**Task item:** Using the material below, print a verbatim copy of every line from the one containing "Để giúp khách" through the one containing "Cutting height min.", inclusive, and omit the pictures.

**Given entries:**
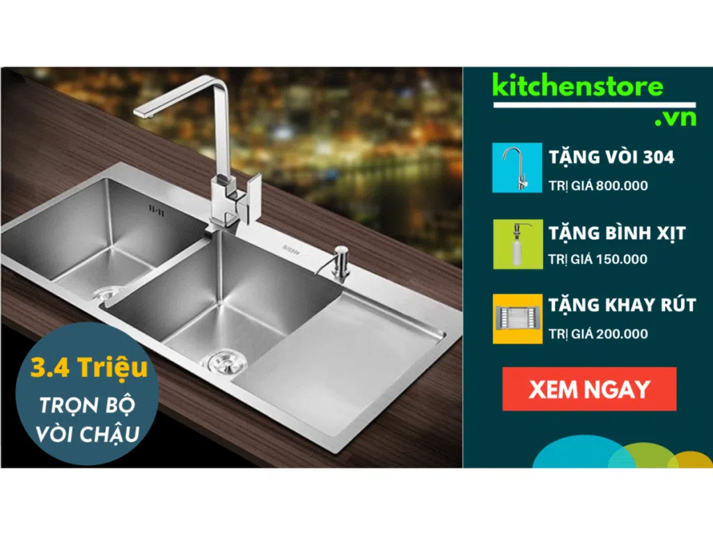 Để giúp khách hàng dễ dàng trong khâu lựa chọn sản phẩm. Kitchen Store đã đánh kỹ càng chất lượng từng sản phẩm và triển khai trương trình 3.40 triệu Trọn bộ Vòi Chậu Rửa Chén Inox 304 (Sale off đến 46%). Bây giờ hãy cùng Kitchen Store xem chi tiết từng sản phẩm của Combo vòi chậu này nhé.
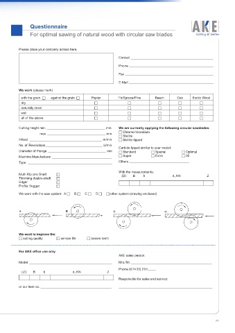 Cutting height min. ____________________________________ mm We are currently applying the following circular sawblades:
--
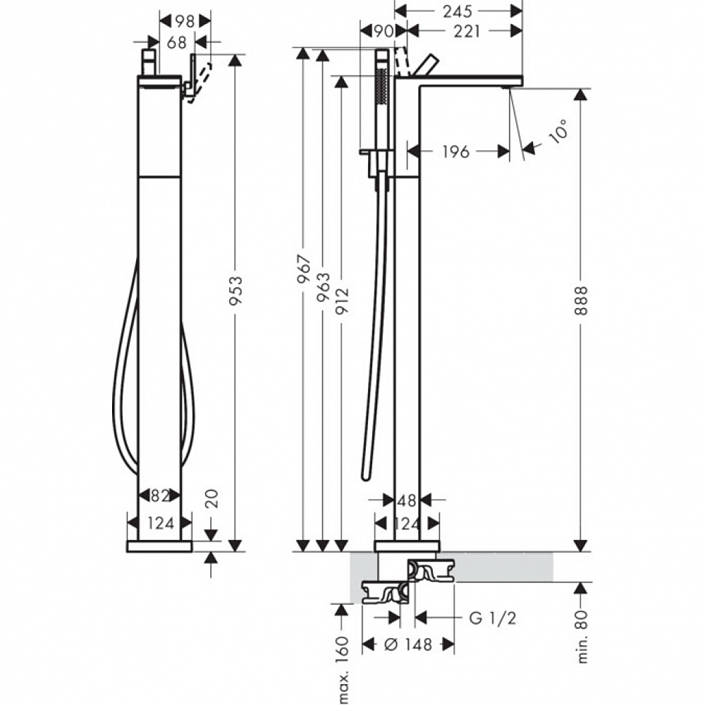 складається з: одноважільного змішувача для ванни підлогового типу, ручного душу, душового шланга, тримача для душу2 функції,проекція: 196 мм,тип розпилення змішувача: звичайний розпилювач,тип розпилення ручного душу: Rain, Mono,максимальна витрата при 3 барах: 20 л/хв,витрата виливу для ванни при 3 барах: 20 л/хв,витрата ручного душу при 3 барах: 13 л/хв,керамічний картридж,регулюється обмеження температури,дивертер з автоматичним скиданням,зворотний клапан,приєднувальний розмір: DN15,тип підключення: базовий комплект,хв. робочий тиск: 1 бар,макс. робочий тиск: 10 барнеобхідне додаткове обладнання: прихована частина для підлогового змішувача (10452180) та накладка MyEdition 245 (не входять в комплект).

**Result for this exercise:**
 Để giúp khách hàng dễ dàng trong khâu lựa chọn sản phẩm. Kitchen Store đã đánh kỹ càng chất lượng từng sản phẩm và triển khai trương trình 3.40 triệu Trọn bộ Vòi Chậu Rửa Chén Inox 304 (Sale off đến 46%). Bây giờ hãy cùng Kitchen Store xem chi tiết từng sản phẩm của Combo vòi chậu này nhé.
 Cutting height min. ____________________________________ mm We are currently applying the following circular sawblades:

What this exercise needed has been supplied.